Bed bugs are developing a resistance to common insecticides and its making them much harder to kill, a new study says.

According to scientists at Purdue University, bed bugs have already shown resistance to several other insecticides, including the commonly-used deltamethrin. However, bifenthrin and chlorfenapyr can now be added onto that growing list.

In a study to be published next week in the Entomological Society of Americas Journal of Economic Entomology, researchers at Purdue University found significantly reduced susceptibility to chlorfenapyr among three out of 10 bed bug populations collected in the field, and they found reduced susceptibility to bifenthrin among five of the populations.

The common bed bug (Cimex lectularius) already shows significant resistance to deltamethrin and some other pyrethroid-class insecticides, which is viewed as a main cause of its resurgence as an urban pest. In fact, 68 percent of pest management professionals identify bed bugs as the most difficult pest to control, according to a 2015 Bugs Without Borders survey of pest management professionals conducted by the National Pest Management Association and the University of Kentucky. Little research had yet been done, however, to examine potential resistance to bifenthrin (also a pyrethroid) or chlorfenapyr, a pyrrole-class insecticide, which led the Purdue researchers to investigate.

In the past, bed bugs have repeatedly shown the ability to develop resistance to products overly relied upon for their control. The findings of the current study also show similar trends in regard to chlorfenapyr and bifenthrin resistance development in bed bugs, says Ameya D. Gondhalekar, Ph.D., research assistant professor at Purdues Center for Urban and Industrial Pest Management. With these findings in mind and from an insecticide resistance management perspective, both bifenthrin and chlorfenapyr should be integrated with other methods used for bed bug elimination in order to preserve their efficacy in the long term.

They tested 10 populations of bed bugs that were collected and contributed by pest management professionals and university researchers in Indiana, New Jersey, Ohio, Tennessee, Virginia, and Washington, DC, measuring the percent of bed bugs killed within seven days of exposure to the insecticides.
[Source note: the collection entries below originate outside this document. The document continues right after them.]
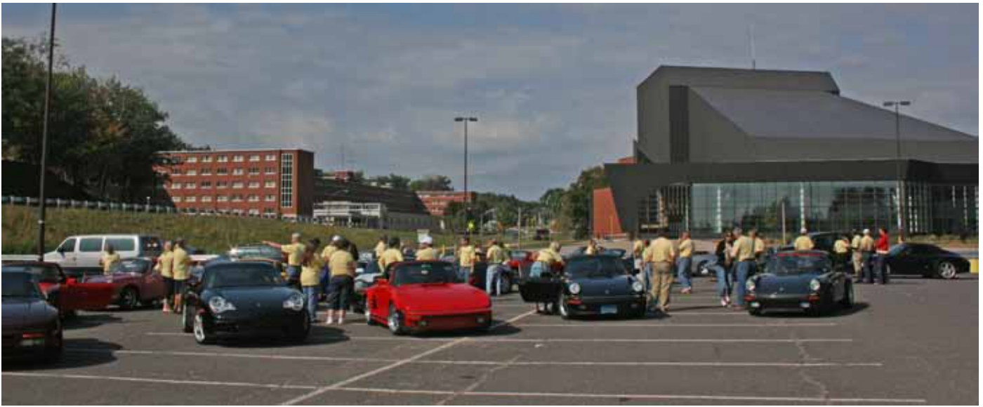
23 Porsches in a parking lot in Houghton MI
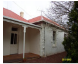
23192 Bassett Homestead Branxholme side elevation 1414
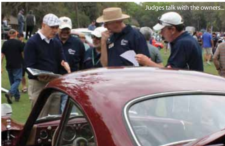
Judges talk with the owners...

Walking from the Corral parking to Judged parking, we watched the beautiful cars rolling by the sand traps onto #2 fairway to take their spot and owners of already parked cars cleaning and primping at their designated places. At the judges meeting my mindset was this is serious business. My analytical mind wanted to understand all the criteria involved to make a fair assessment. After all, there is some tradition to uphold, right? After a quick hello and brief explanation, we were told to go have fun! But wait, there were questions from both new and experienced judges. The extent of how different the paradigm was to be, sunk in when we were assigned classes. For example, I sent in my qualification letter stating I had owned 951, 964, 996, 981, and 991 series cars so I would be very comfortable judging them. At the end of the judges meeting, the class I drew? 356! Well, I've never even ridden in a 356. Yes, this will be a starting from a blank sheet!

Generally, populations in which more than 25 percent of the beg bugs survived were deemed to have reduced susceptibility to the insecticide based on statistical analysis performed in comparison to the susceptible laboratory population.

Interestingly, the researchers found a correlation between chlorfenapyr and bifenthrin susceptibility among the bed bug populations, which was unexpected because the two insecticides work in different ways. Gondhalekar says further research is needed to understand why the bed bugs that are less susceptible can withstand exposure to these insecticides, especially chlorfenapyr. In any case, adherence to integrated pest management practices will slow the further development of resistance.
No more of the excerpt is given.